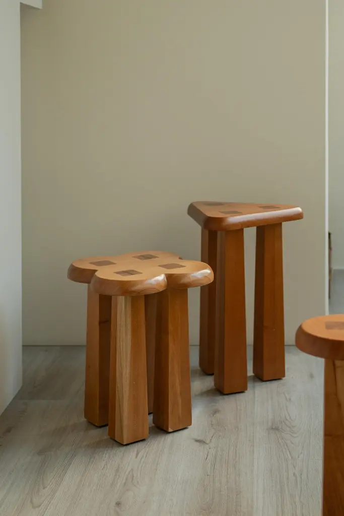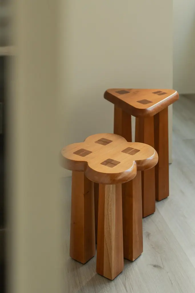 These side wooden stools capture the elegance and charm of antique card tables, where cards and camaraderie intertwined in endless afternoons. Each bench is meticulously designed with shapes reminiscent of classic symbols such as clovers, triangles, and flowers, creating a visual homage to a bygone era.Crafted from solid wood, these benches stand out not only for their aesthetic appeal but also for their durability and artisanal quality. The hand-carved details on the backs and legs reflect exquisite craftsmanship, making each piece a unique work of art.
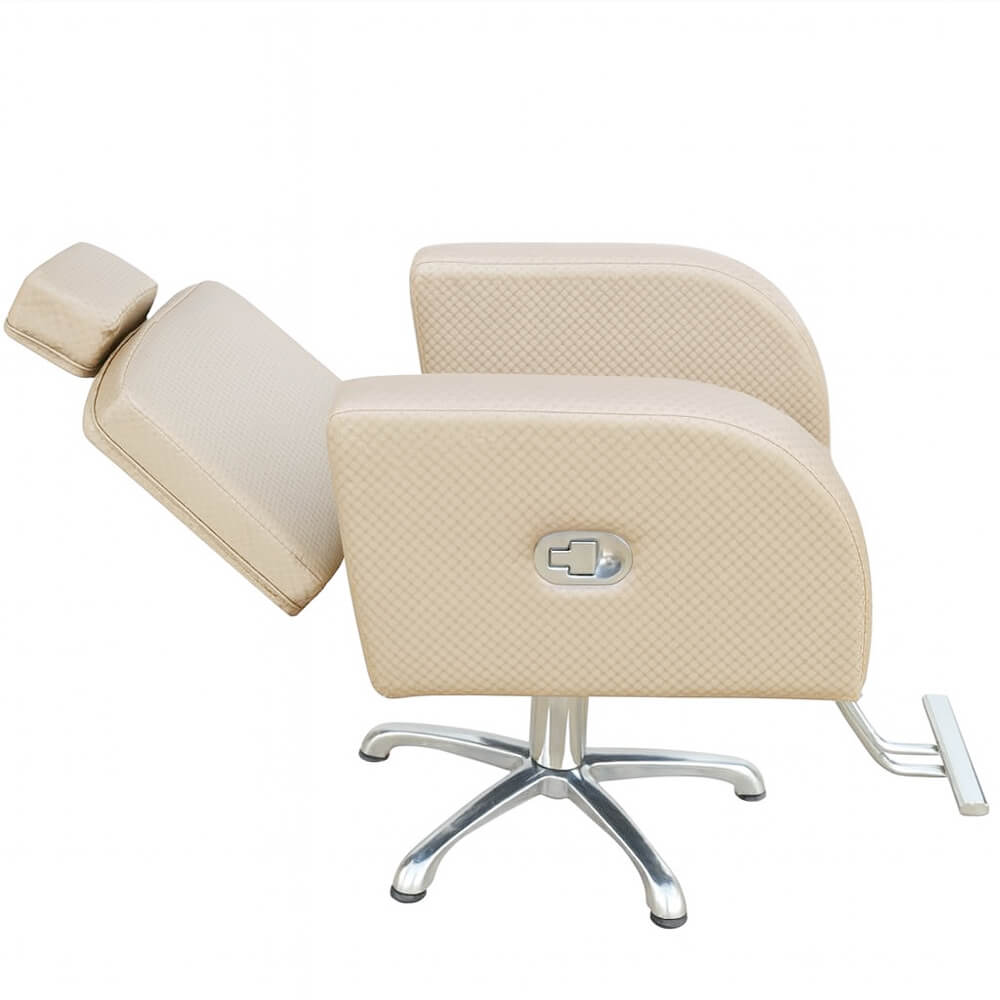 O assento e o encosto, ambos acolchoados com espuma laminada de alta qualidade. Sistema de regulador de altura no cabeçote, que permite um apoio adequado à nuca, adaptando-se aos clientes. A estrutura em alumínio, resistente à oxidação, protegendo a cadeira contra o desgaste do tempo. Conta com apoio de pés central que ajuda no conforto do cliente.
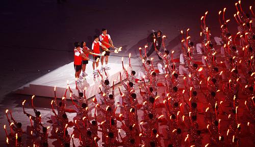 火炬手王皓、黃金寶、周玉新、呂曉磊和張小平準備點燃主火炬。
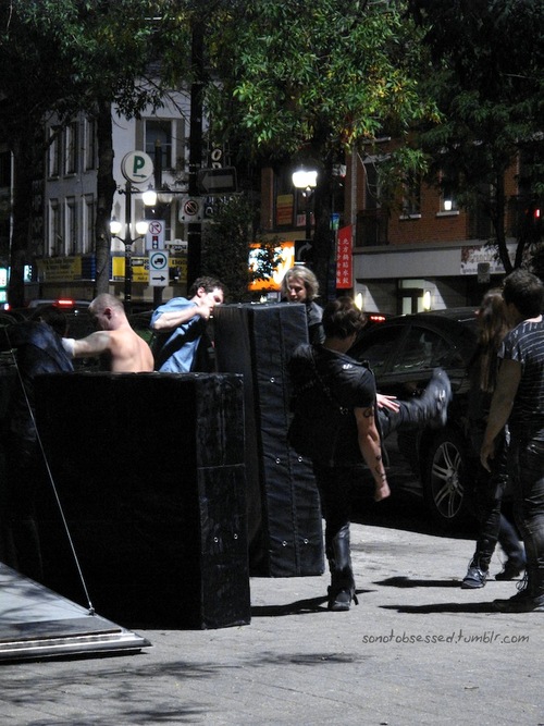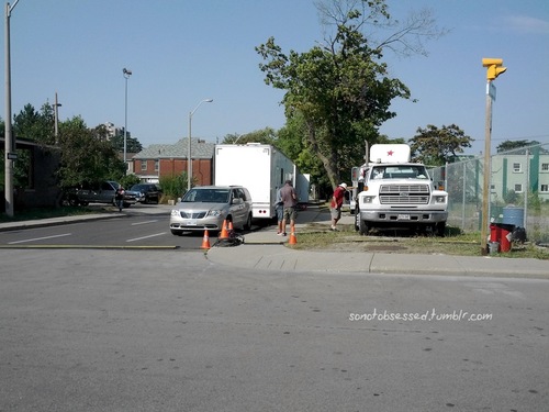 My personal journey to The Mortal Instruments set in Toronto had to start from leaving Montreal for me. So I woke up at 5AM on friday in order to catch my 6:45 train. Lovely journey, at 11:30 I was at Union Station, but I still had to leave my luggage at my hostel, so this is just what I did, and returned to Union afterwards in order to catch the 1:30PM bus to Hamilton.  I cut it pretty close, so I had to run in order to catch the bus, and upon entering, the driver told me it was full.  “NO!!” I though, only to hear what came afterwards: “But you can make the drive standing up.” So what the heck, TMI is too important, I decided that hurt knee or not, it was more important to arrive the earliest possible on set, and I entered the bus for the 1 hour drive.  It’s a pretty lucky thing that the GO bus terminal in Hamilton is literally just a 5 minutes walk from where the set was, and I honestly don’t understand why more people from Toronto didn’t make the trip. At 2:30PM when I got there, the place was pretty quiet, with only a few people being there, most from the Hamilton area.

--------------------

= Exercise description =
An exact copy of the listing above is to be set down, with no pictures in it.

= Task result =
 These side wooden stools capture the elegance and charm of antique card tables, where cards and camaraderie intertwined in endless afternoons. Each bench is meticulously designed with shapes reminiscent of classic symbols such as clovers, triangles, and flowers, creating a visual homage to a bygone era.Crafted from solid wood, these benches stand out not only for their aesthetic appeal but also for their durability and artisanal quality. The hand-carved details on the backs and legs reflect exquisite craftsmanship, making each piece a unique work of art.
 O assento e o encosto, ambos acolchoados com espuma laminada de alta qualidade. Sistema de regulador de altura no cabeçote, que permite um apoio adequado à nuca, adaptando-se aos clientes. A estrutura em alumínio, resistente à oxidação, protegendo a cadeira contra o desgaste do tempo. Conta com apoio de pés central que ajuda no conforto do cliente.
 火炬手王皓、黃金寶、周玉新、呂曉磊和張小平準備點燃主火炬。
 My personal journey to The Mortal Instruments set in Toronto had to start from leaving Montreal for me. So I woke up at 5AM on friday in order to catch my 6:45 train. Lovely journey, at 11:30 I was at Union Station, but I still had to leave my luggage at my hostel, so this is just what I did, and returned to Union afterwards in order to catch the 1:30PM bus to Hamilton.  I cut it pretty close, so I had to run in order to catch the bus, and upon entering, the driver told me it was full.  “NO!!” I though, only to hear what came afterwards: “But you can make the drive standing up.” So what the heck, TMI is too important, I decided that hurt knee or not, it was more important to arrive the earliest possible on set, and I entered the bus for the 1 hour drive.  It’s a pretty lucky thing that the GO bus terminal in Hamilton is literally just a 5 minutes walk from where the set was, and I honestly don’t understand why more people from Toronto didn’t make the trip. At 2:30PM when I got there, the place was pretty quiet, with only a few people being there, most from the Hamilton area.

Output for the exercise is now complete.